Adding 10% hydrogen was perfectly normal in Germany for decades, since hydrogen was a waste product of many industrial processes.
The question is: how the fuck is hydrogen supposed to be an economical solution? It's really really expensive and burning it in a stove isn't exactly efficient.
I don't know too much about this area, but I can't help but feel blue hydrogen research is too little, too late.
We should be focused on electrifying homes, offices, and factories ASAP with hydrogen research money. Stuff like aluminum smelting furnaces being powered by green hydrogen could be a great area of research, as could global shipping, which will probably need to run off eFuels, hydrogen, or nuclear going forward. This money doesn't appear to be going towards that.
I just don't see homes as a viable branch of hydrogen research. Old, leaky gas lines, stuff not up to code, and a suspiciously close link to existing gas and oil companies makes this feel like it won't hold water as a line of research when we have perfectly safe, carbon-free alternatives (plus, no risk of explosions or carbon monoxide from blended gasses)
I've studied this (professionally) quite a bit, and I can confidently say you're generally right.

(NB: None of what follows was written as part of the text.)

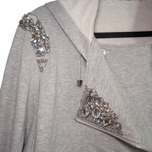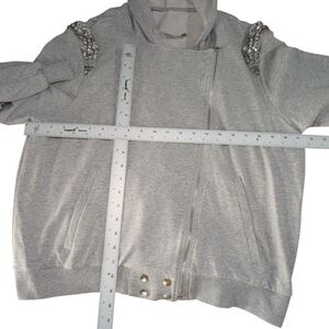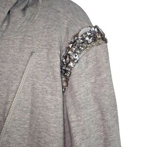 Elevate your style with this chic gray embellished jacket. Perfect for adding a touch of elegance to any outfit.

Blends up to 20% hydrogen or so are pretty straightforward and can be done relatively easily without having to spend hundreds of billions of dollars upgrading downstream equipment, but that's only, optimistically, a 20% reduction in emissions. To get past that you need to replace most downstream burners, which will be very slow and cost a fortune. Better off going electric for homes
Sounds like an set-up to ensure long-term dependency on natural gas mining, then.
Sorry, we built our infrastructure assuming 80% natural gas, so we just have to mine more natural gas to prevent people from losing their ability to cook food. You wouldn't want poor families to go hungry, would you?